You were there for the lectures that inspired Little Red Schoolhouse. What were they like?
Joe used to say they got $25 from the dean [Professor Jonathan Z. Smith] to put up stickers around the campus that said “Lecture on Writing” and a time and a place. And then 200 people showed up. So they decided to have a class on it. And the story to me is still absolutely astonishing. They committed to teach the class in the winter quarter [of 1980] before they had a curriculum set.
So how did they prepare?
They hired 12 graduate students to teach writing workshops, and in the fall of ’79 did a training program. It was perfectly clear from the first night they were making this stuff up as they went. Joe was drawing things on the board in front, and Greg would be in back of the room saying, “That’s crazy, that’s not the way it works!” They would go at it, and the 12 of us graduate students, and Frank Kinahan, would look at each other thinking, “We’re going to have to teach this?” It was fascinating, and it was intellectually invigorating. And it worked.
What were your first writing classes like?
The first lectures I gave were part of the College sequence, and I was awful. Just awful. Joe in fact had on his wall the course evaluation that said “Give Larry uppers.”
How is teaching in the humanities core different?
The Schoolhouse is ruthlessly pragmatic and is a specific solution to a specific problem. In the HUM core, there are so many other things on the table. When we’re reading Nietzsche or Thucydides or Shakespeare or Tolstoy … there is so much more to talk about and the issues are so much deeper. We can get at philosophy of language, we can get at a lot of ethical issues, we can get at what counts as understanding.
Do you really speak about the Gettysburg Address during every family weekend?
Yes. I’ve got a bust of Lincoln on my shelf at home because the Gettysburg Address and the Second Inaugural are the two texts that I’ve analyzed the most closely.
What is your favorite writing rule to trash during your lectures?

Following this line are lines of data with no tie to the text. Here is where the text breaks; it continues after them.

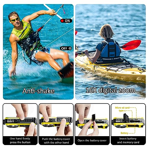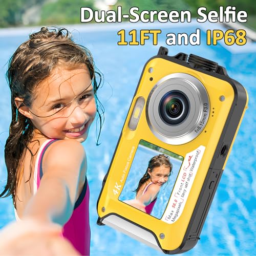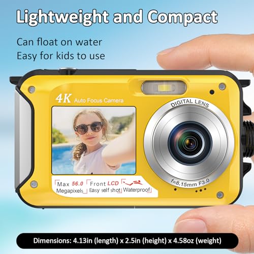 NALACAL - 4K Underwater Camera, 11FT Waterproof Camera with 32GB Card, 48MP Autofocus Camera Dual-Screen Selfie Camera Compact Floatable Camera for Snorkeling Waterproof Compact Floatable Digital Camera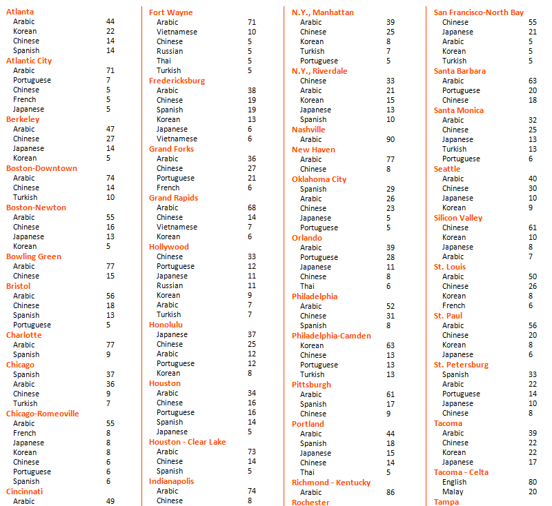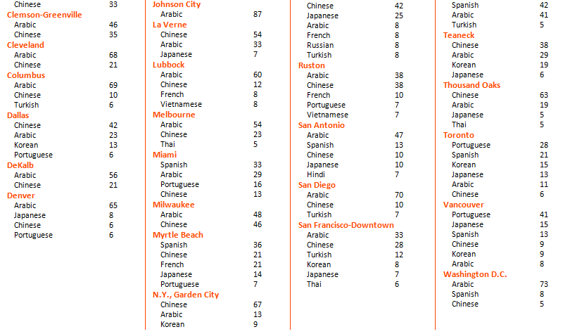 샌프란시스코, 샌디에고, 시카고 등등의 주요 지역에 위치하고 있어요. 센터별 국적비율 안내드려요. ■ ELS 1월 국적비율 =================   ■ ELS 어학원의 장점은 ! ==================== ELS 어학원에서 아카데믹 영어과정을 성공적으로 마치면, 연계된 다양한 대학으로의 진학이 가능해요. 레벨은 총 101 - 112 (12단계)로 되어있으며 대학진학과정(EAP)레벨로 약 109레벨 이수하고 토플점수없이 2년제 대학(CC) 진학 후 4년재로 3학년으로 편입학하거나 112레벨이상을 받으신 후 연계된 대학으로 진학이 가능합니다. ■ ELS 어학원의 레벨은 어떻게 구성되어 있나요? =======================================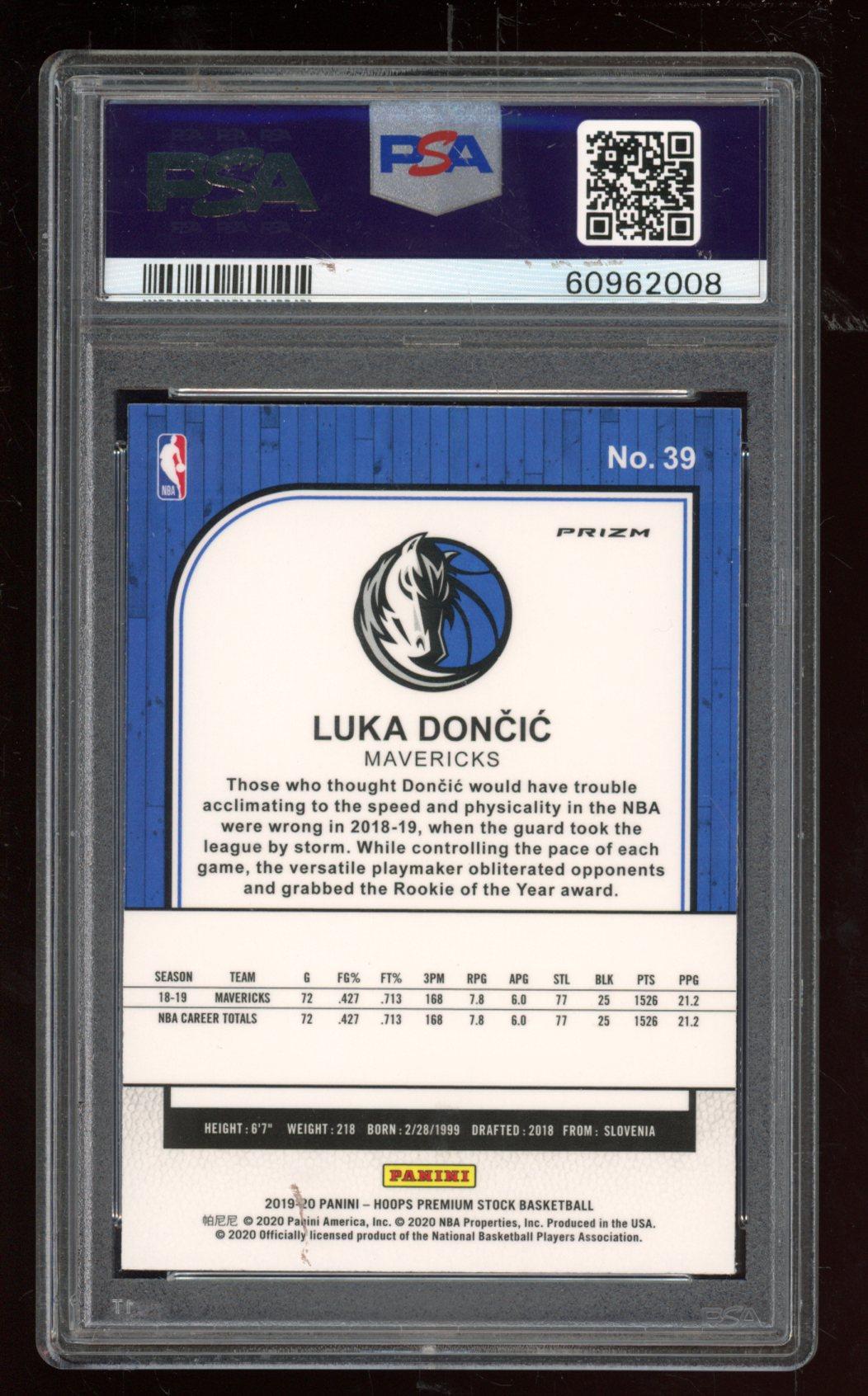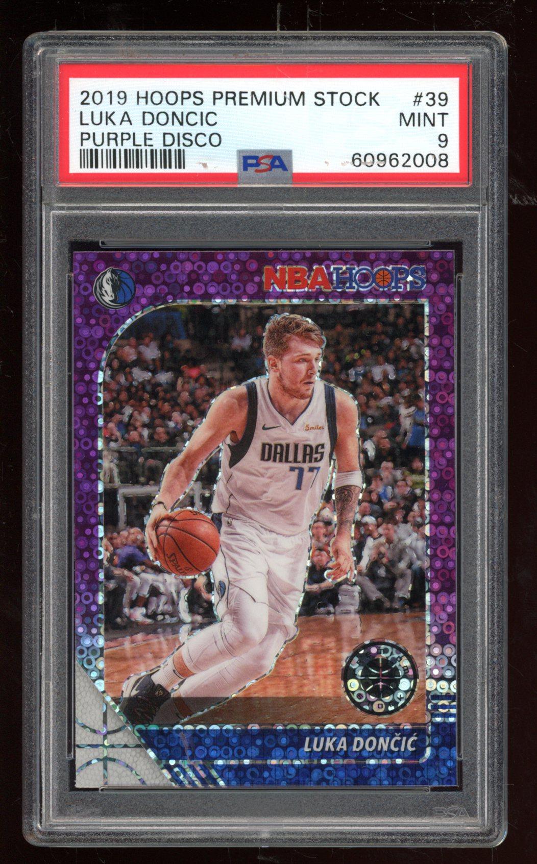 Luka Doncic 2019-20 Hoops Premium Stock Prizms Purple Disco #39 (PSA 9)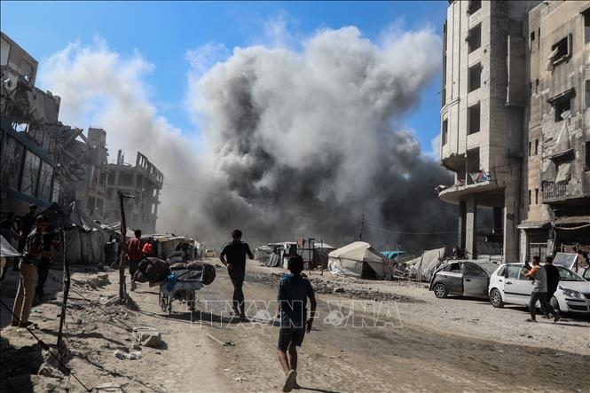 | Khói bốc lên sau vụ không kích của Israel xuống thành phố Gaza, ngày 8-9-2025. Ảnh: THX/TTXVN |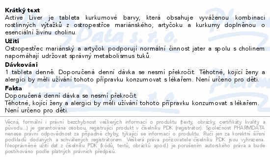 Active Liver je tableta kurkumové barvy, která obsahuje vyváženou kombinaci rostlinných výtažků z ostropestřce mariánského, artyčoku a kurkumy doplněnou o esenciální živinu cholinu.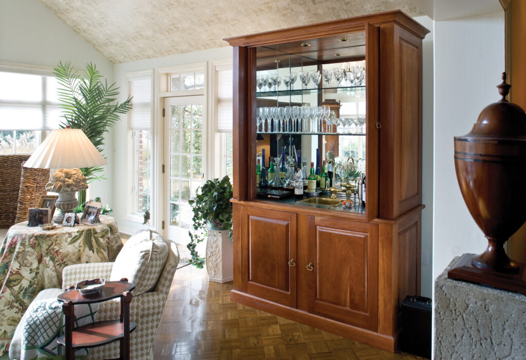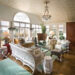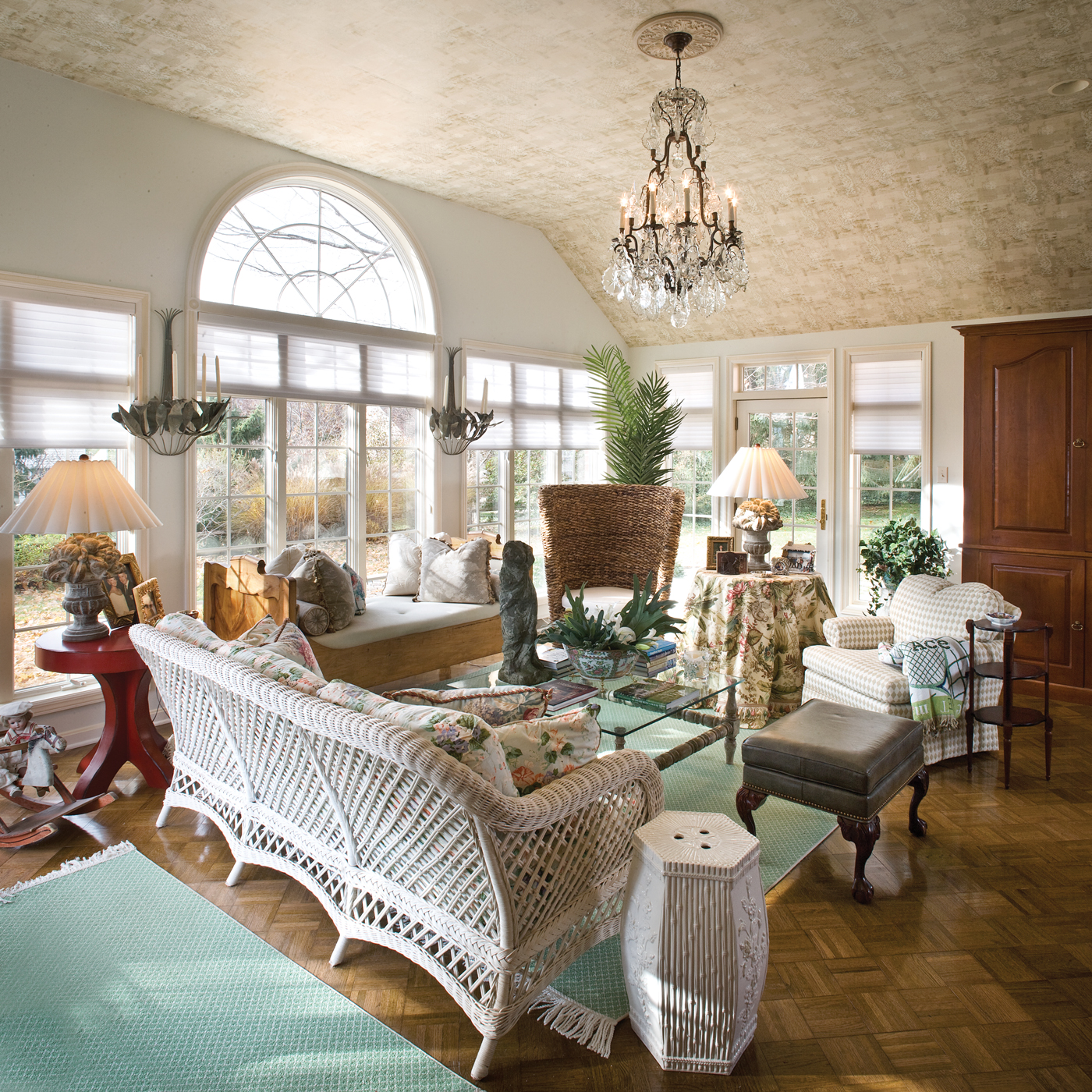 Garden Room: John layered the décor of the garden room to include a wicker sofa, a French daybed, Chinese porcelain, a Baccarat crystal chandelier, a handcrafted English-style armoire/bar, a Japanese side table, a Hamptons rush chair, a Paley club chair and a contemporary glass table. Hand-painted wallpaper defined the ceiling, while window shades provided privacy or allowed for a view of the garden. Note the mix of fabric patterns.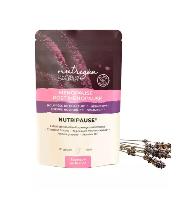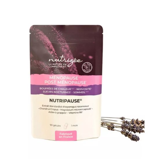Nutripause des Laboratoires Nutrigée, complément alimentaire qui réduit bouffées de chaleur, sueurs nocturnes et irritabilité, tout en favorisant un sommeil réparateur et un équilibre nerveux optimal.

Undoubtedly the whole passive verb rule. A lot of bad stuff comes out of that rule.
Is there a danger that people will take the Schoolhouse ides and make them into rules?
Does that worry you?
We spend a lot of time in the Schoolhouse telling people that we’re not giving them an alternative set of rules, we’re giving them tools for predicting where their readers are going to struggle.
Besides teaching and serving as resident master, how do you stay busy?
Being a grandfather.
You taught a course about Reagan's and Obama's speeches last spring. Why?
I started thinking about it in 2008 during the campaign, when I was listening to Obama’s speeches and thinking, “These are amazing and I don’t know what’s going on, but I feel like something is going on here.” Obama led me to Heidegger in one direction and to Reagan in another, and then Reagan led me to Locke.
That must have been quite a course.
I say this to people and they think it’s just boosterism, but I can’t imagine other schools where you offer a course—and it wasn’t advertised, it was just word of mouth—that demands people on the one hand write speeches once a week, and on the other hand read Locke’s Second Treatise and Heidegger’s Being and Time. And you have people pounding down the door to do this.